╔══

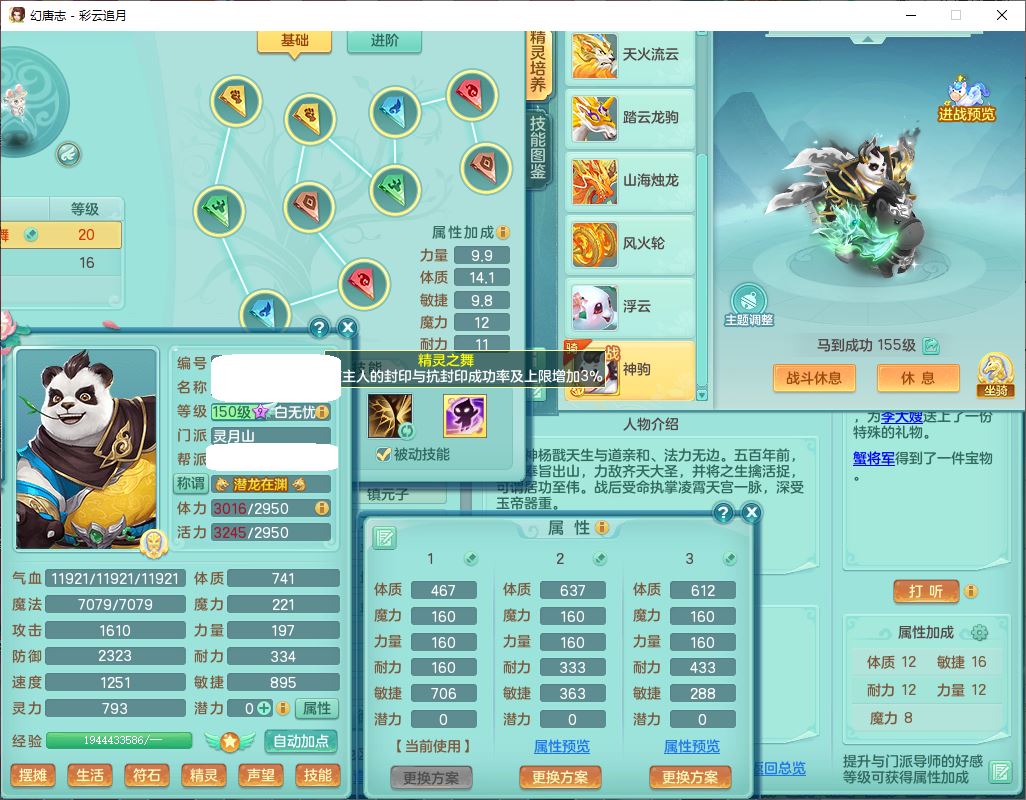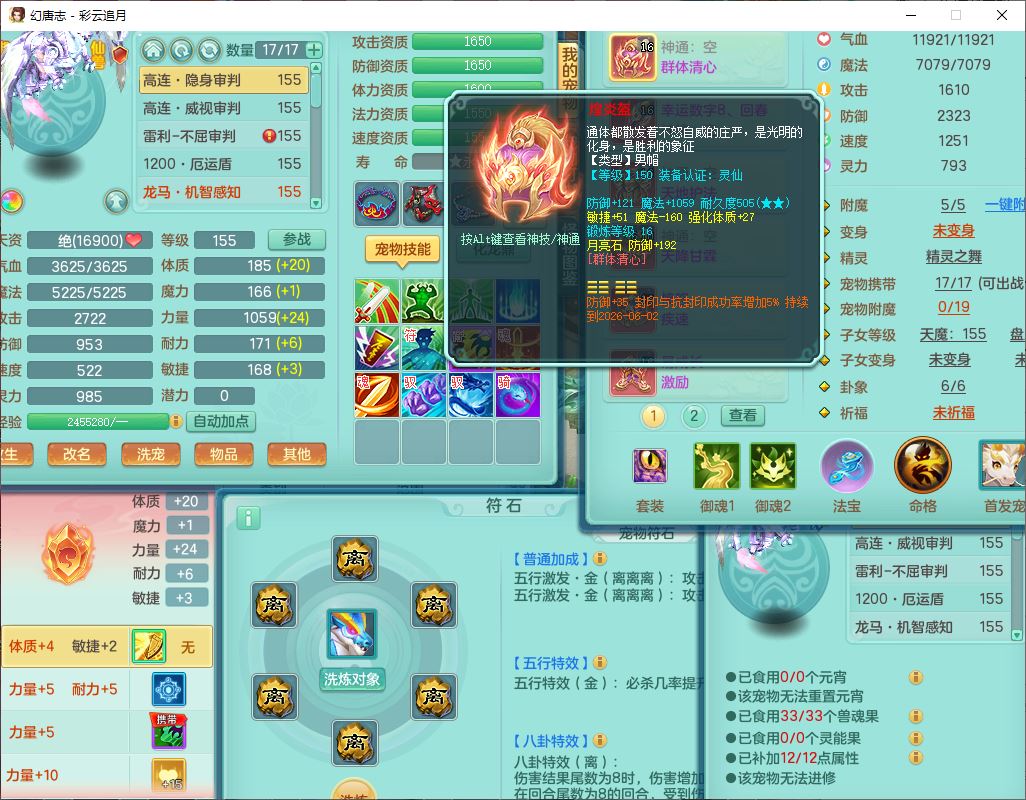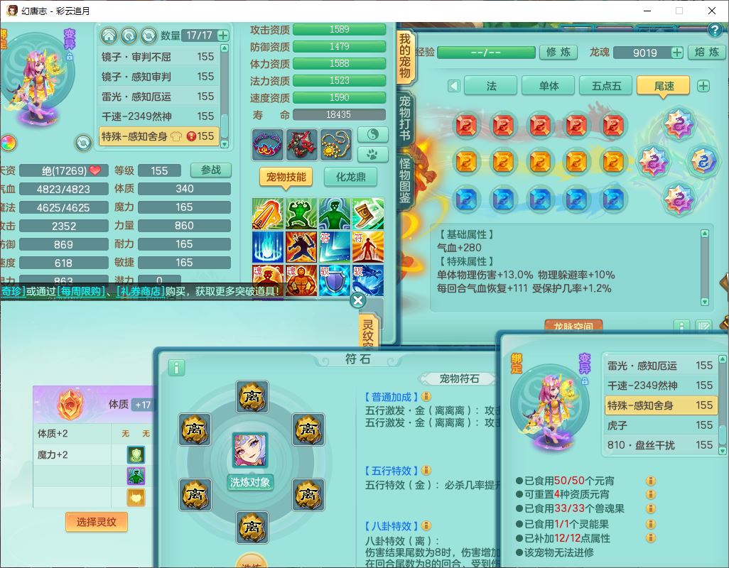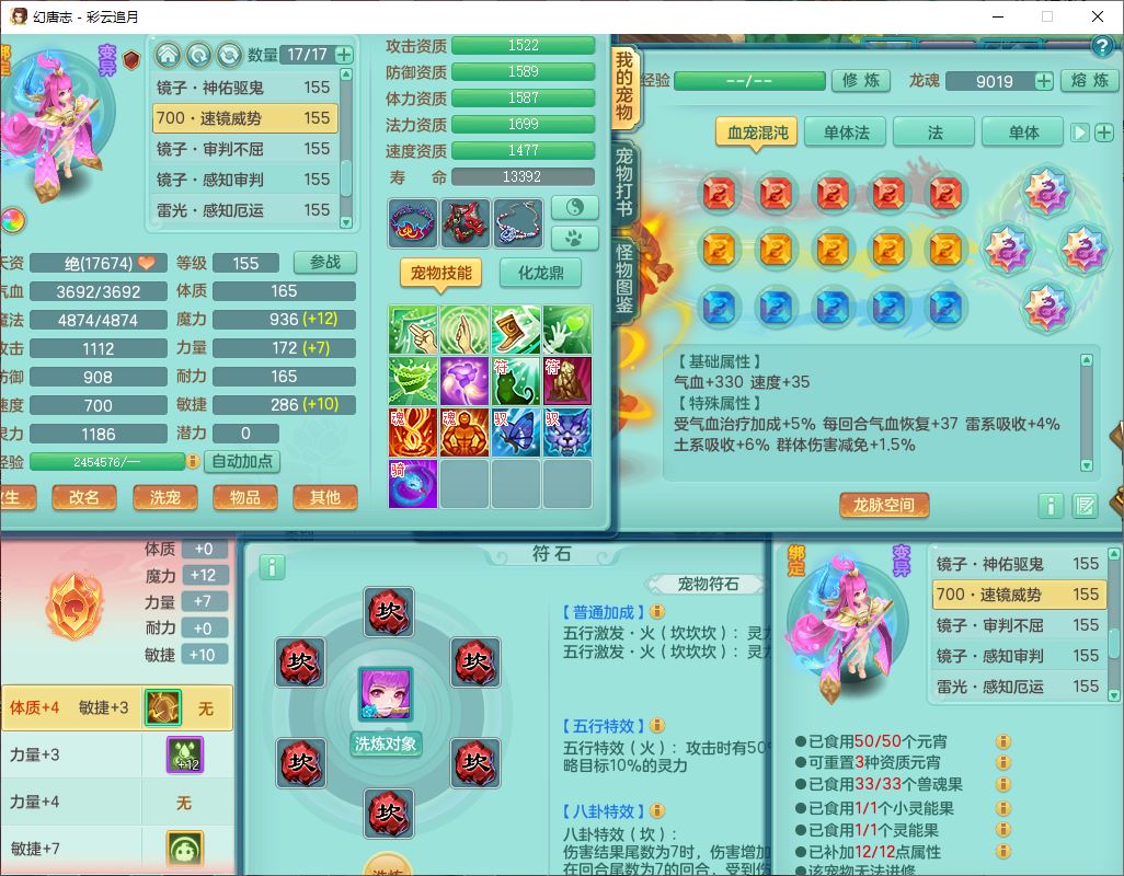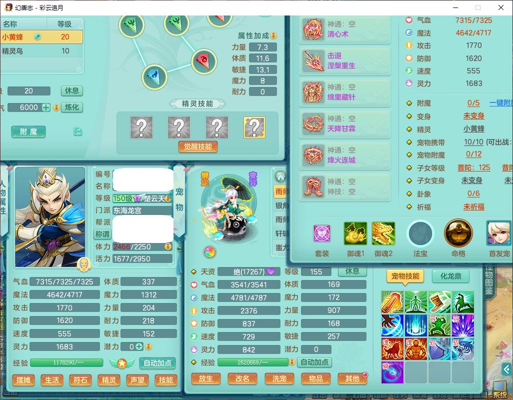 cy10035彩云追月159男灵月【潜龙+马到成功+暴龙逍客】精灵舞,8位靓号,4龙(换、1破境)2内(1龙马)1望归4镜花6特殊(夺命、雷光、舍身,堕天、以战、墨守兽决)1金炉,8觉醒3宠皮11六字1五字5四字21只满果子,9红装备,幸运回春武器,愤怒疾速腰带,Y激励鞋子,有物理装,狂暴四海武器,Y腰带,Y帽子,神佑项链,鼎5.5+70+280,2套符石,119天月卡,永久外观、精灵皮肤,15个内丹碎片,93个兽魂果,8坐骑(2双人飞行),带3个150奶粉
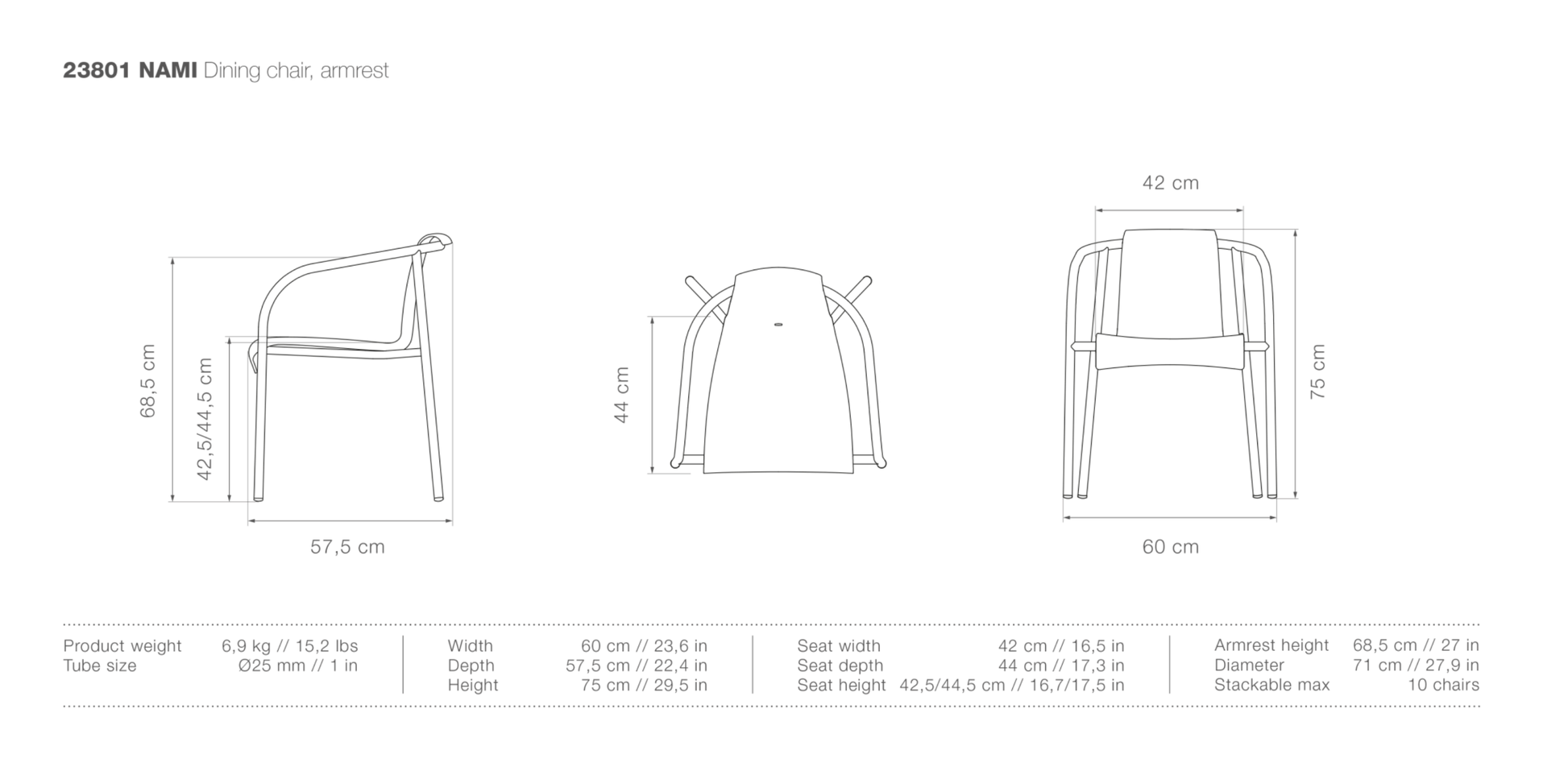 Built for both style and durability, the NAMI Outdoor Dining Chair w/Armrests complements a wide range of outdoor furniture collections. For instance, it pairs beautifully with teak outdoor furniture or a round coffee table. Also, its lightweight design makes stacking simple. Whether placed on a balcony or in a garden, this chair delivers lasting performance while enhancing your outdoor living space.
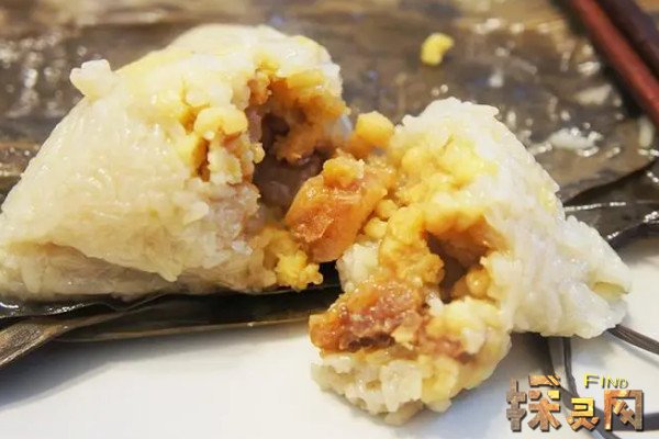 蛋黄是一种非常受欢迎的粽子。以腌制的蛋黄、鸭蛋黄、鹅蛋黄为原料,加入一些耗油、酱油等简单调料。然后把蛋黄包在粽子中间,煮熟的蛋黄味道会渗入糯米,吃起来不会腻。
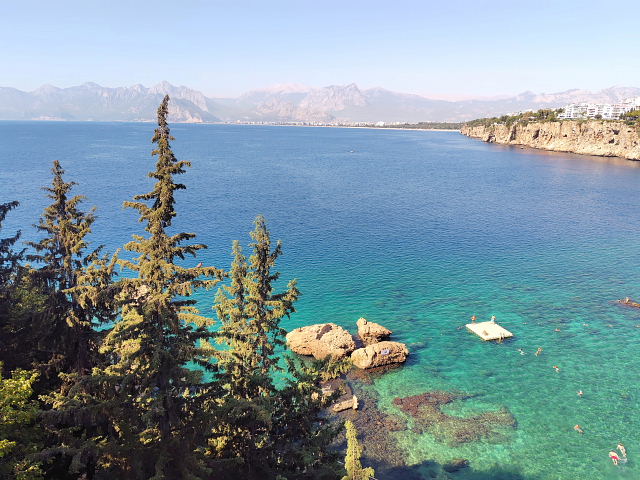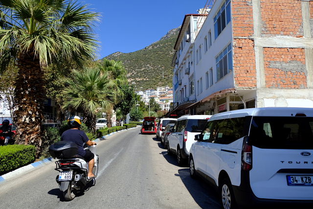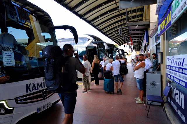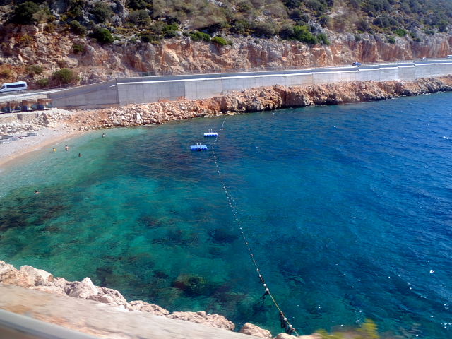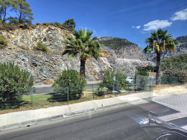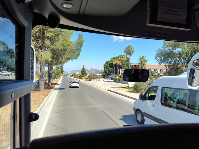 バス内は冷えるかもと長袖シャツ、中厚ズボンにしたがバスターミナルに行くだけで汗だく。地中海側がこれほど暑いとは思わんかった。バス会社のオフィス(机があるだけの)で9時30分発アンタルヤのチケットを言うと、バスの中で。バスは5分前くらいにやってきた。座席はフリー、乗ったのは半分ほど。高級バスじゃなく路線バスなんで席が狭い。料金はキャッシュ払い。ほぼ全員がキャッシュだった。海側の席にしたから眺めは良いんだが陽差しもきつい。
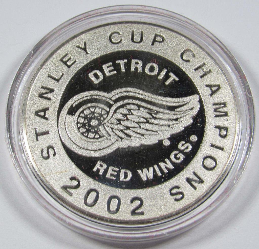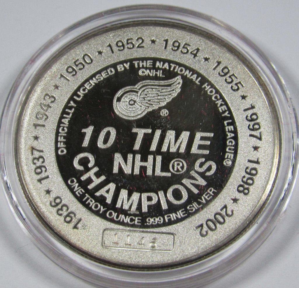 DETROIT REDWINGS SILVER ROUND, 10 TIME NHL CHAMPIONS, WITH CASE AND COA.
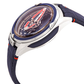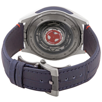 Silver-tone platinum case with a blue crocodile leather strap. Fixed silver-tone platinum bezel. White dial with index hour markers. Dial Type: Analog. Ulysse Nardin Calibre UN-250 automatic movement. Transparent case back. Round case shape. Case size: 45 mm. Buckle clasp. Water resistant at 30 meters / 100 feet. Functions: tourbillon. Additional Info: limited edition 10 pieces. Luxury watch style. Watch label: Swiss Made. Ulysse Nardin Freak Vision Tourbillon Automatic White Dial Men's Watch 2505-250.
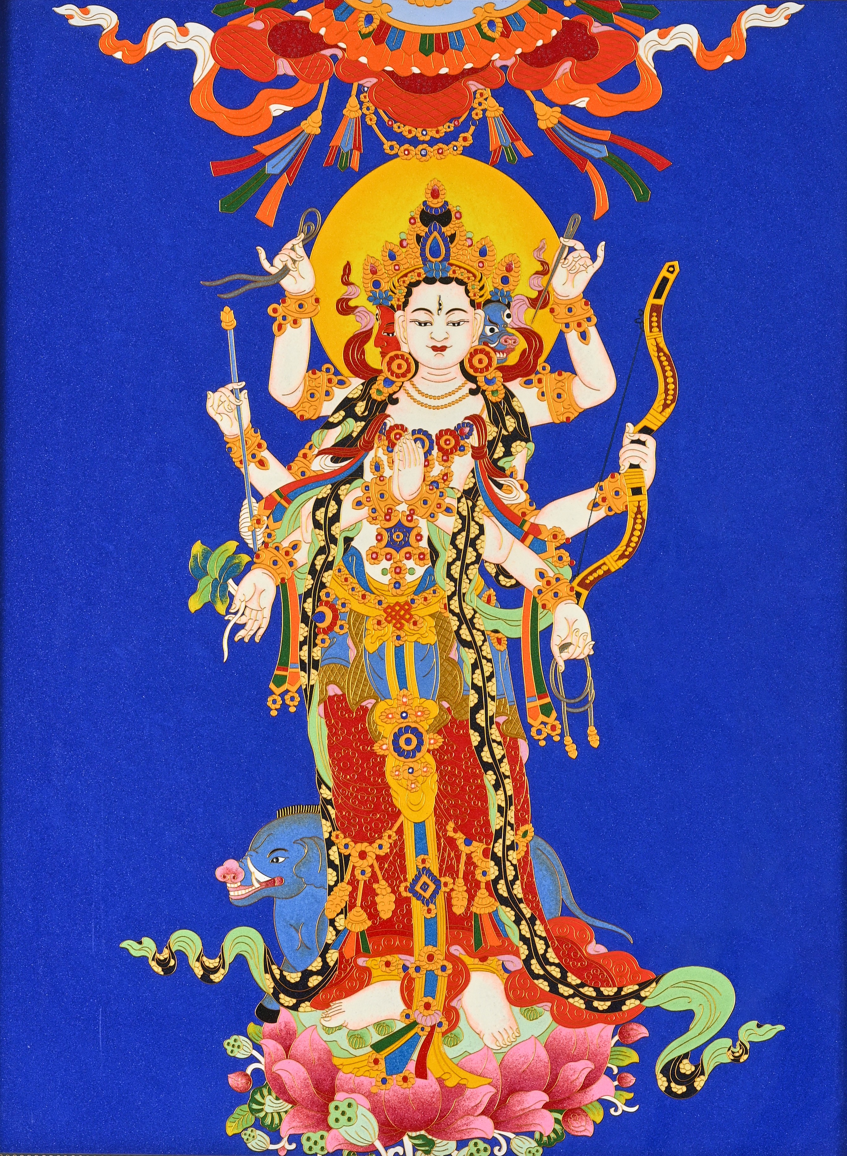 每一幅天虞摩利支天唐卡,都凝聚着热贡匠人的极致匠心。匠人选用细金丝,经反复退火淬炼,去除杂质后精准弯折,勾勒出造像的每一处细节,小到璎珞的纹路、衣饰的褶皱,大到整体的身形比例,都打磨得分毫毕现。天然矿物颜料经三磨三滤三晒,多层晕染后呈现出温润持久的光泽,亮而不艳、润而不浊,既彰显了摩利支天的庄严气质,也让唐卡历经岁月仍能保持鲜活色泽。
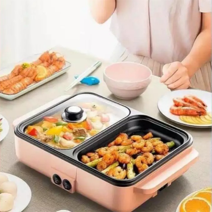 Nồi lẩu nướng điện mini 2 ngăn Chống Dính Đa Chức Năng mẫu mới nhất hiện nay

╚══

[Problem to solve] With every picture removed, give the entries above again exactly.

[Task solution]
 cy10035彩云追月159男灵月【潜龙+马到成功+暴龙逍客】精灵舞,8位靓号,4龙(换、1破境)2内(1龙马)1望归4镜花6特殊(夺命、雷光、舍身,堕天、以战、墨守兽决)1金炉,8觉醒3宠皮11六字1五字5四字21只满果子,9红装备,幸运回春武器,愤怒疾速腰带,Y激励鞋子,有物理装,狂暴四海武器,Y腰带,Y帽子,神佑项链,鼎5.5+70+280,2套符石,119天月卡,永久外观、精灵皮肤,15个内丹碎片,93个兽魂果,8坐骑(2双人飞行),带3个150奶粉
 Built for both style and durability, the NAMI Outdoor Dining Chair w/Armrests complements a wide range of outdoor furniture collections. For instance, it pairs beautifully with teak outdoor furniture or a round coffee table. Also, its lightweight design makes stacking simple. Whether placed on a balcony or in a garden, this chair delivers lasting performance while enhancing your outdoor living space.
 蛋黄是一种非常受欢迎的粽子。以腌制的蛋黄、鸭蛋黄、鹅蛋黄为原料,加入一些耗油、酱油等简单调料。然后把蛋黄包在粽子中间,煮熟的蛋黄味道会渗入糯米,吃起来不会腻。
 バス内は冷えるかもと長袖シャツ、中厚ズボンにしたがバスターミナルに行くだけで汗だく。地中海側がこれほど暑いとは思わんかった。バス会社のオフィス(机があるだけの)で9時30分発アンタルヤのチケットを言うと、バスの中で。バスは5分前くらいにやってきた。座席はフリー、乗ったのは半分ほど。高級バスじゃなく路線バスなんで席が狭い。料金はキャッシュ払い。ほぼ全員がキャッシュだった。海側の席にしたから眺めは良いんだが陽差しもきつい。
 DETROIT REDWINGS SILVER ROUND, 10 TIME NHL CHAMPIONS, WITH CASE AND COA.
 Silver-tone platinum case with a blue crocodile leather strap. Fixed silver-tone platinum bezel. White dial with index hour markers. Dial Type: Analog. Ulysse Nardin Calibre UN-250 automatic movement. Transparent case back. Round case shape. Case size: 45 mm. Buckle clasp. Water resistant at 30 meters / 100 feet. Functions: tourbillon. Additional Info: limited edition 10 pieces. Luxury watch style. Watch label: Swiss Made. Ulysse Nardin Freak Vision Tourbillon Automatic White Dial Men's Watch 2505-250.
 每一幅天虞摩利支天唐卡,都凝聚着热贡匠人的极致匠心。匠人选用细金丝,经反复退火淬炼,去除杂质后精准弯折,勾勒出造像的每一处细节,小到璎珞的纹路、衣饰的褶皱,大到整体的身形比例,都打磨得分毫毕现。天然矿物颜料经三磨三滤三晒,多层晕染后呈现出温润持久的光泽,亮而不艳、润而不浊,既彰显了摩利支天的庄严气质,也让唐卡历经岁月仍能保持鲜活色泽。
 Nồi lẩu nướng điện mini 2 ngăn Chống Dính Đa Chức Năng mẫu mới nhất hiện nay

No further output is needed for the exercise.